The Dark Side of AI

August 14, 2024

The speed and scale at which large language models (LLMs) have captured the attention of investors, the public, and tech startups cannot be overstated. This technology will undoubtedly revolutionize not only our personal interactions with technology but also business, analysis, medicine, and nearly every industry in some capacity. However, there is a dark side to this revolutionary technology. As the founder of Linux, Linus Torvalds, often stated, “With great power comes great responsibility.”

Bad actors have already begun leveraging these LLMs for nefarious purposes, and cybersecurity professionals have been highlighting proof-of-concepts to warn of various ways these models can be exploited. This blog will point out some of the early examples and known vulnerabilities of these LLMs and speculate on where they could lead us in the not-so-distant future.

Types of LLM Exploitation

Prompt Injection – Exploitation of LLMs for nefarious purposes has manifested in various forms. One prevalent method is prompt injection, which ranges from straightforward to sophisticated techniques. At its basic level, malicious users attempt to bypass security filters by presenting prompts in a manner that deceives the LLM into providing unintended responses.

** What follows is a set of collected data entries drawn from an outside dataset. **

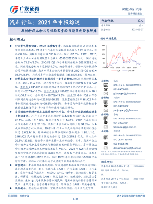 【广发证券】【20210907】汽车行业:2021年中报综述:原材料成本和芯片供给因素给当期盈利带来阵痛-36页
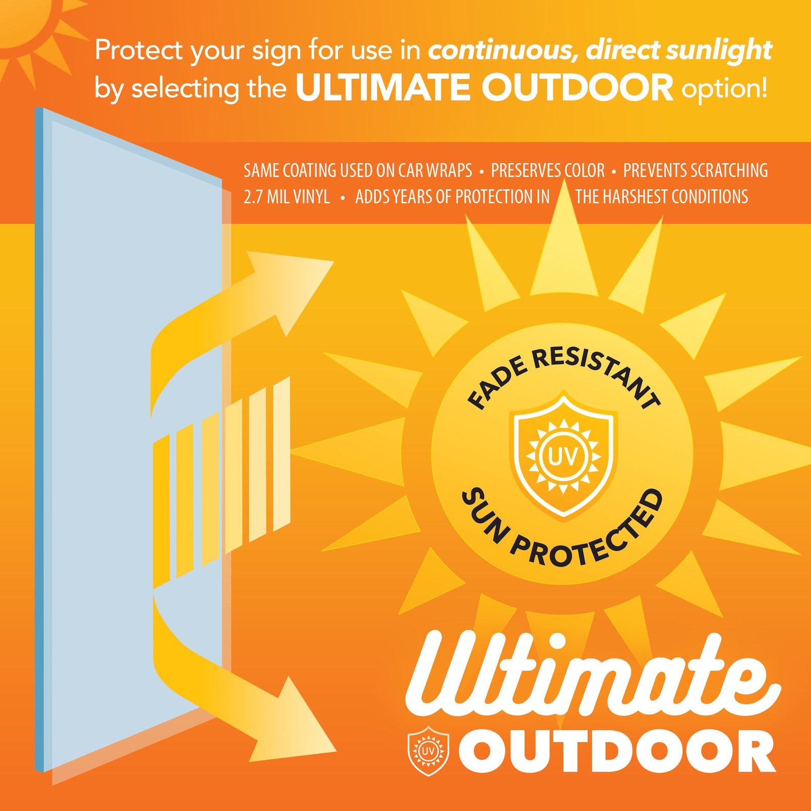 Order the Ultimate Outdoor version if you will be mounting your sign in a place that gets lots of direct sunlight. The Ultimate Outdoor version is made of the same rustproof, painted aluminum as the Outdoor/Indoor model. Then we add a 2.7 mil vinyl coating that blocks the UV rays. This is the same coating used on car wraps to preserve color and prevent scratching. This film will provide protection for 7 years. Ultimate Outdoor FRAMES are coated with polyurethane to shed moisture and block the suns damaging rays.
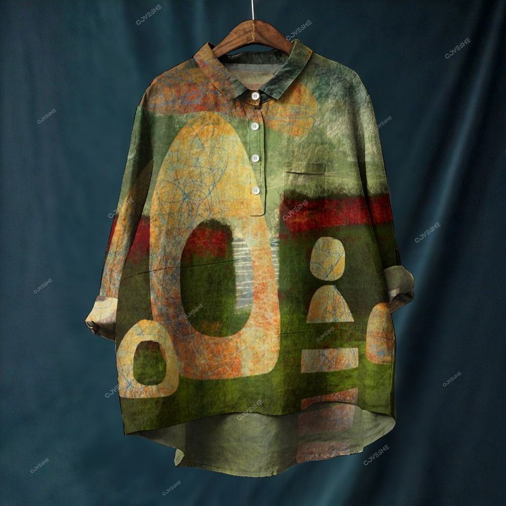 Women's Artistic Portrait Printed Casual Long Sleeve Shirt
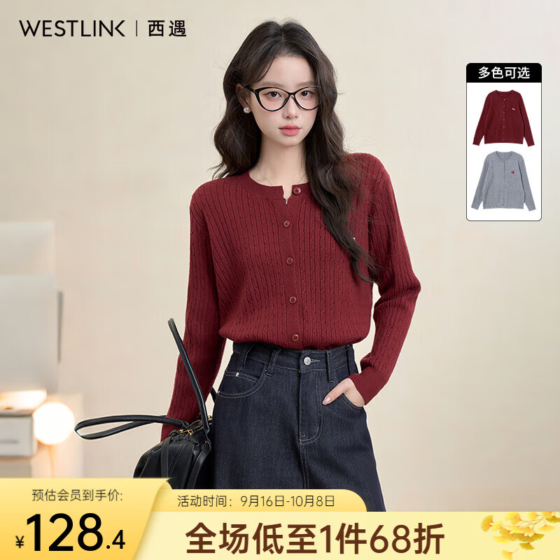 西遇(Westlink)针织开衫外套女秋季新款温柔外穿圆领麻花宽松长袖毛衣 红色 (预售15天) M (160)
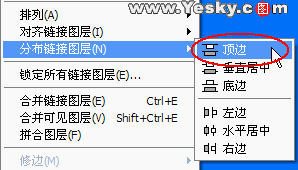 在图层面板中将三个或更多的图层链接起来。选取“图层”菜单下的“分布链接图层”的子菜单中选择这些图层内容的分布方式,如“顶边”可从每个图层的顶端像素开始,间隔均匀地分布链接的图层(图20)。
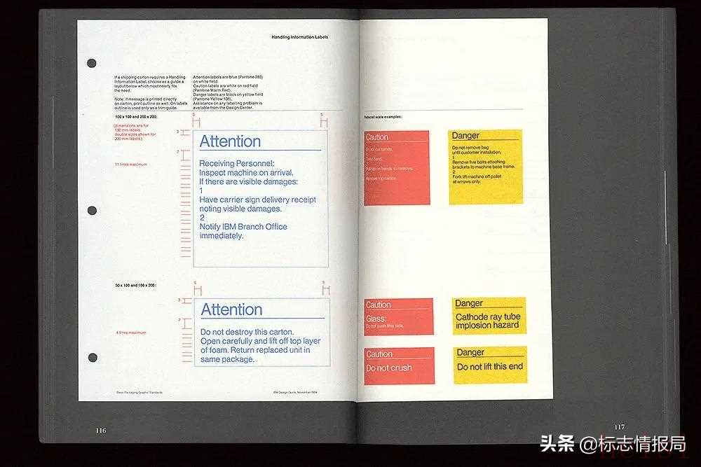 品牌形象識(shí)別指南(identity guidelines)和圖形標(biāo)準(zhǔn)指導(dǎo)手冊(cè) (graphics standards manuals) 就像一件產(chǎn)品的使用說(shuō)明書一樣,是用來(lái)定義品牌使用規(guī)范的一本文檔。它詳細(xì)描述了在標(biāo)牌上應(yīng)該使用哪些顏色和字體、以及頁(yè)面上元素間該如何留白等諸多細(xì)節(jié)。
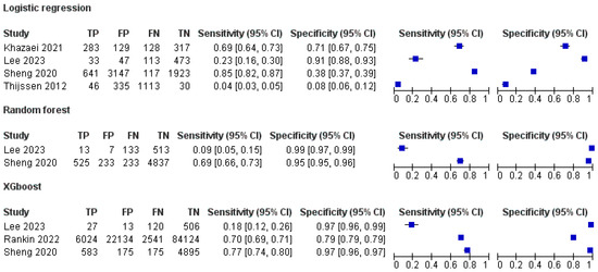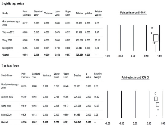 Detailed estimates for each study assessing Random Forest and Logistic Regression, along with their 95% CI, are presented in Figure 7.
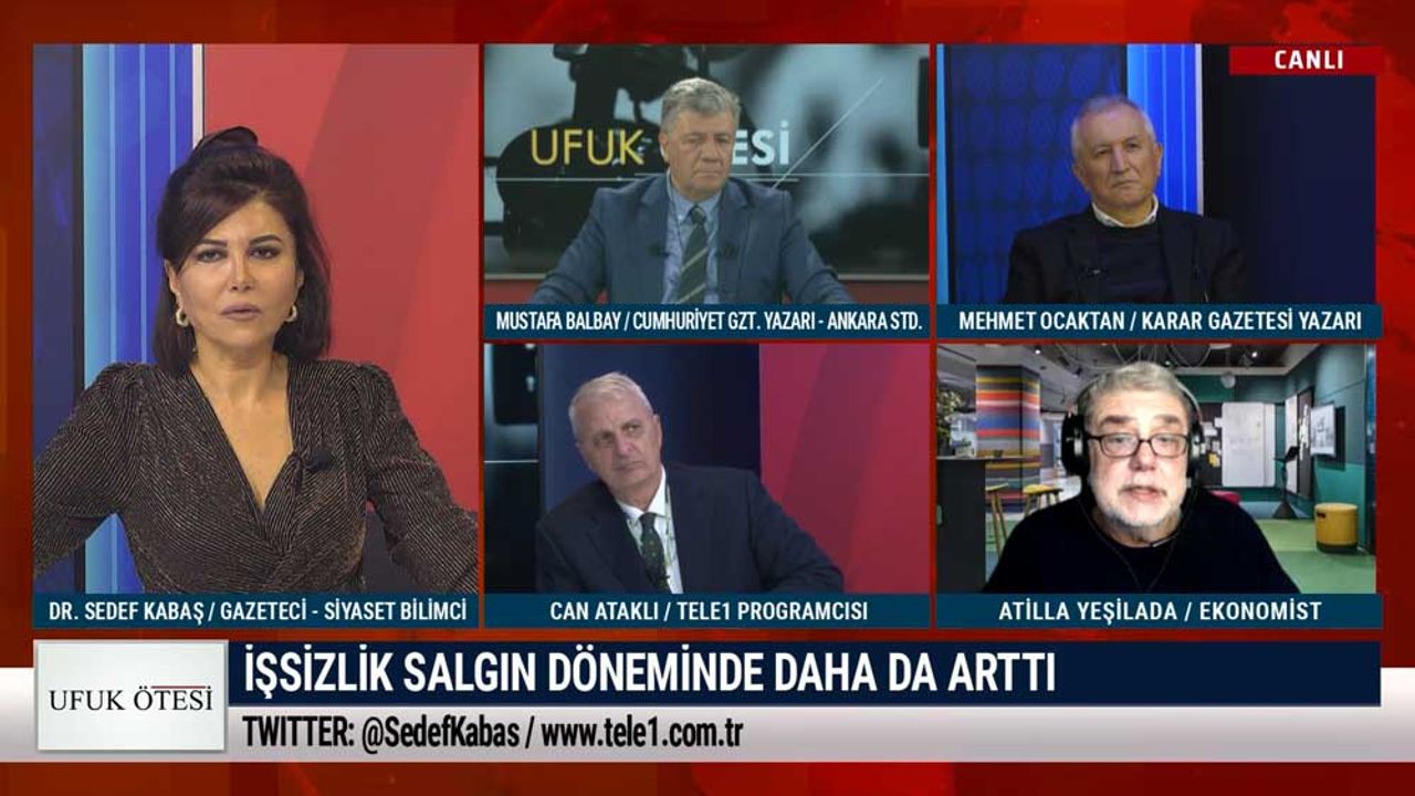 Gazeteci Dr. Sedef Kabaş’ın moderatörlüğünü yaptığı ve TELE1 programcısı Can Ataklı, TELE1 programcısı Mustafa Balbay ve Yazar Mehmet Ocaktan’ın bileşenleri olduğu Ufuk Ötesi programının konuğu; Ekonomist Atilla Yeşilada oldu.
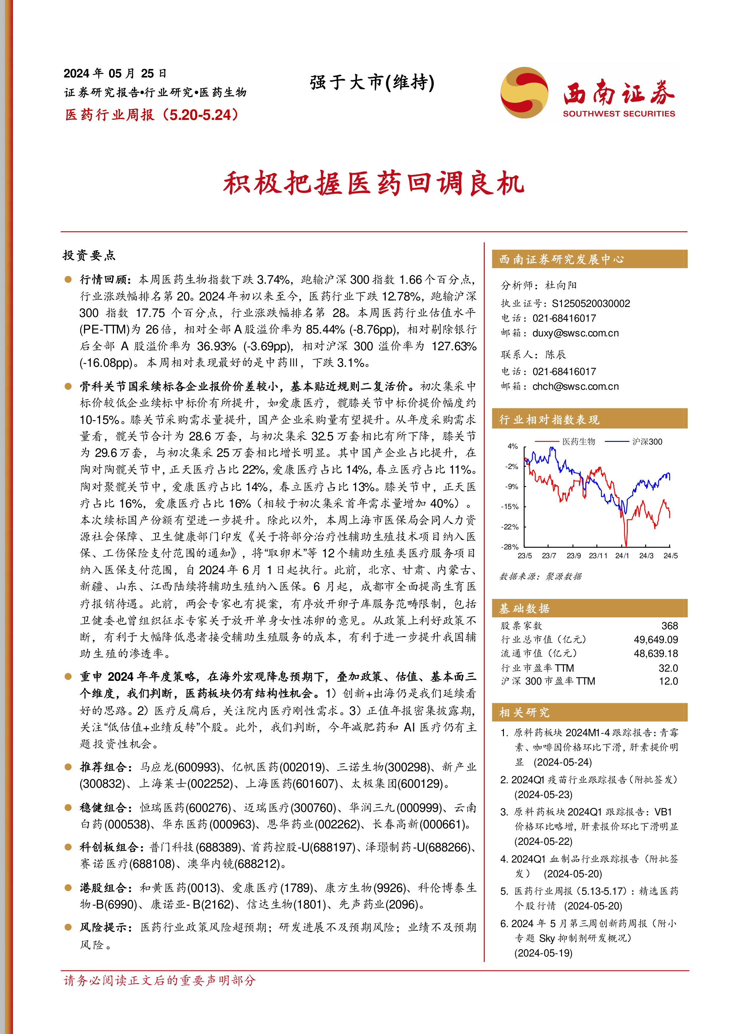 本报告基于对医药行业周报(5.20-5.24)数据的全面分析,得出医药板块仍存在结构性投资机会的结论。报告建议投资者关注创新+出海、院内医疗刚性需求以及低估值+业绩反转的个股,并密切关注政策变化和市场动态,谨慎投资。 报告中提供的组合表现分析、二级市场数据以及研究报告等信息,为投资者进行投资决策提供了重要的参考依据。 需要注意的是,报告中提到的投资建议仅供参考,投资者应根据自身情况进行独立判断,并承担相应的投资风险。
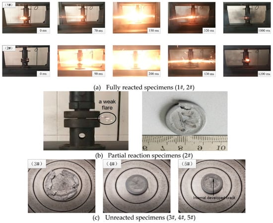 The reaction process of 1# and 2# under quasi-static compression are shown in Figure 3a. This figure suggests that the specimens first deformed and then suddenly reacted when the pressure reached the fracture strength of the specimens; then the specimens were deflagrated, releasing a considerable amount of black smog within 2–3 s. Feng et al. also found this reaction phenomenon in the study of Al/PTFE composites under quasi-static compression. The specimens, by a special treatment, underwent deformation, cracking, and violent chemical reactions, generating black smog and solid residues [22]. Besides, a special flame similar to gas combustion was observed in 2#, which contained 5% ZrH2. The partially reacted specimens are shown in Figure 3b. Under the similar compression conditions, the specimen cracked at the edge, with an initial reaction occurring at one of the cracks. More circumferential cracks with weak flares, and immediately the reaction extinguished. The specimens (3#, 4#, 5#) in Figure 3c, which failed due to the formation of developmental cracks inside [23], were not reacted at all.
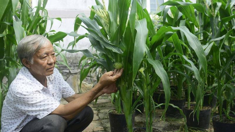 Ba năm gần đây, ông tiếp tục thử nghiệm làm kiểng bắp (ngô) lùn. Từ hình ảnh trái bắp chắc hạt, đầy đặn gợi liên tưởng đến sự no đủ và thuận lợi. Hiện ông trồng khoảng 80 chậu bắp nếp, mỗi cây cho trung bình hai quả, được xử lý thấp để phù hợp làm kiểng.
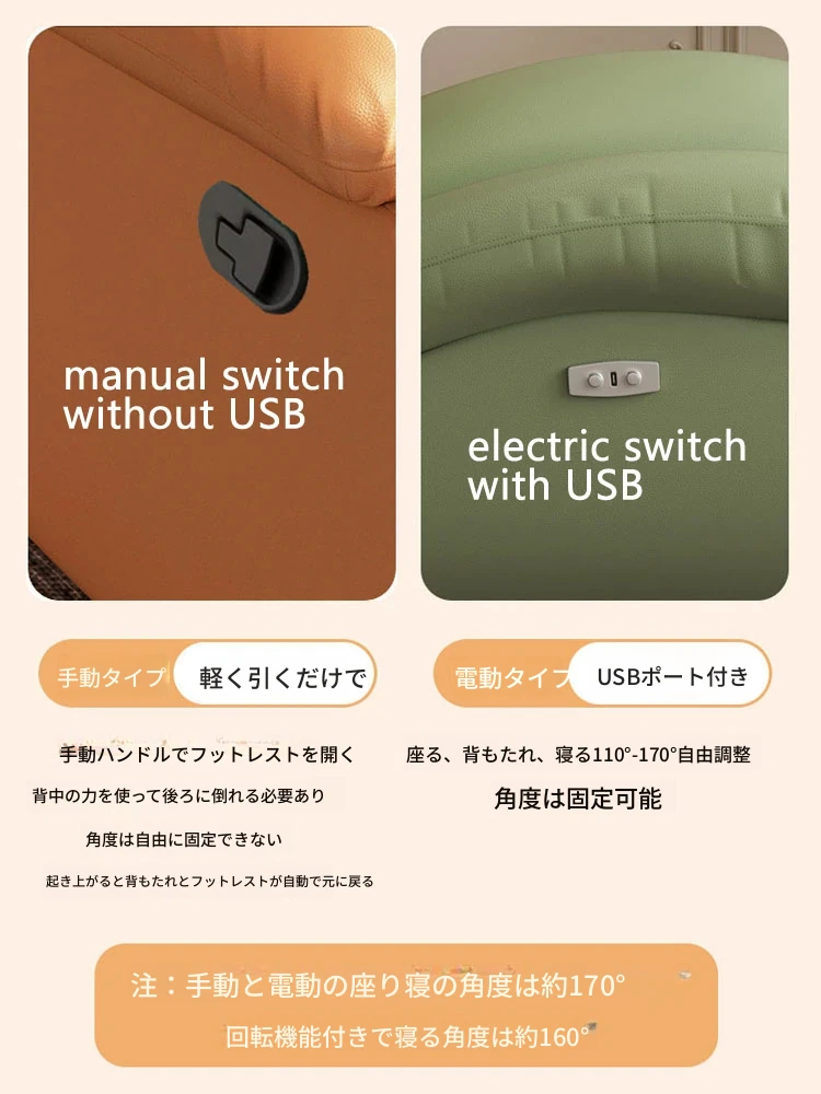 電動で寝られる+USB充電
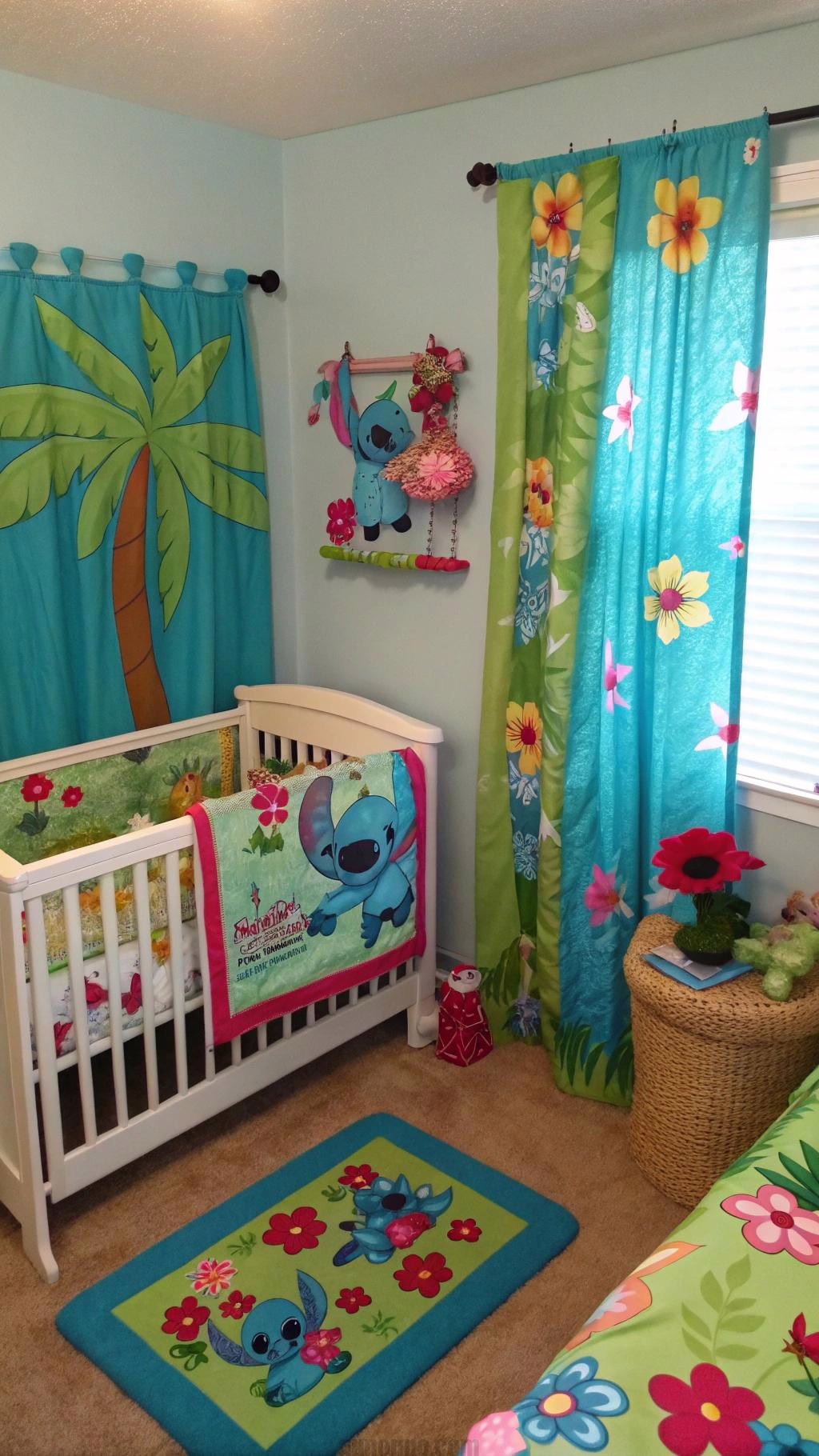 Incorporate furniture that reflects the tropical theme, such as a crib with palm tree designs or a changing table adorned with hibiscus flowers. You can also add plush toys of Lilo, Stitch, and other characters to create a playful environment.

For instance, they might present multiple prompts where one is benign and the other malicious, hoping the model responds to the malicious one. This creates a continual challenge for developers and security experts who must constantly adapt to new tactics. On the more advanced end of prompt injection, techniques like encoding malicious questions in base64 can evade security measures by using encoded prompts to evade detection of harmful content. Developers are made aware of these types of obfuscations and appear quick to mitigate them in later releases.

Jailbreaking – Jailbreaking GPT models and prompt injection share significant similarities. When bad actors successfully devise a sophisticated set of prompts that circumvent multiple security measures, such as crafting prompts to generate malware, and the LLM consistently responds, it qualifies as a “jailbroken LLM.” In this compromised state, the model retains these malicious prompts, enabling users to interact with it normally while evading security filters. These jailbroken models are actively traded on the dark web for various illicit purposes.

One notorious example is FraudGPT, prominently featured on the dark web. It purports to execute a wide range of malicious activities, including generating phishing emails, creating keyloggers, producing malware in multiple programming languages, obfuscating malware to evade detection, scanning websites for vulnerabilities, crafting phishing pages, and more. The below image was extracted from a dark web site selling subscriptions of their version of a jailbroken LLM. If you want to learn more about Jailbreak GPTs you should check our a previously written DarkOwl blog that dives deeper into these GPTs.

Training Data Poisoning – Emerging as a significant concern for cybersecurity professionals and LLM engineers, in this method, threat actors and black hat hackers introduce malicious data during the model training process. This tainted training data becomes embedded in the model’s algorithms, eliminating the need for prompt injection. Consequently, malicious or unsafe responses are ingrained in the model’s core functionalities. Depending on the nature of the maliciously infused data, this could potentially enable outputs ranging from the generation of malware to the production of deepfakes and dissemination of misinformation directly from the model’s core algorithm.

Leakage – Leakage refers to various methods that enable LLMs to return sensitive data inadvertently captured during training, which was not intended for redistribution to users. This includes access tokens, personally identifiable information, cookies, and other data types assimilated during the model’s training phase. Such leaks can happen through prompt injection or more advanced techniques. Below is an example posted on X of a user whose cell phone number was captured and used in the output of an OpenAI ChatGPT response. As these models get access to more and more user data, you can imagine the impact of these leakages becoming even more concerning.

AI Agents – This represents a slightly more sophisticated form of exploitation compared to our previous examples. With the rise of AI integration in programming and its accessibility via APIs, there is a burgeoning interest in “AI Agents.” These agents operate autonomously and sometimes possess special privileges on the host computer. For instance, a program could scan files, read data, copy logs, inspect system defenses like Windows Defender, and relay this information to an LLM. Each “agent” is tasked with retrieving specific information—such as scanning logs for leaked passwords or identifying vulnerabilities in a WordPress instance running on a server—using the LLM model. Finally, another agent might execute commands on the host computer based on the information gathered. These agents perform autonomous actions, resembling a sophisticated virus operating intelligently within your environment.

Summary

As we explore the realm of Large Language Models, their rapid advancement offers promising potential across diverse industries—from streamlining business processes to advancing medical diagnostics. However, alongside these opportunities, there are significant challenges. Malicious actors exploit vulnerabilities such as prompt injection and training data poisoning, utilizing these powerful tools for cyber threats and manipulation. It’s crucial to remain vigilant and aware of potential misuse of these tools and mitigate the risk—from potential data breaches to orchestrated misinformation or even AI agent malware.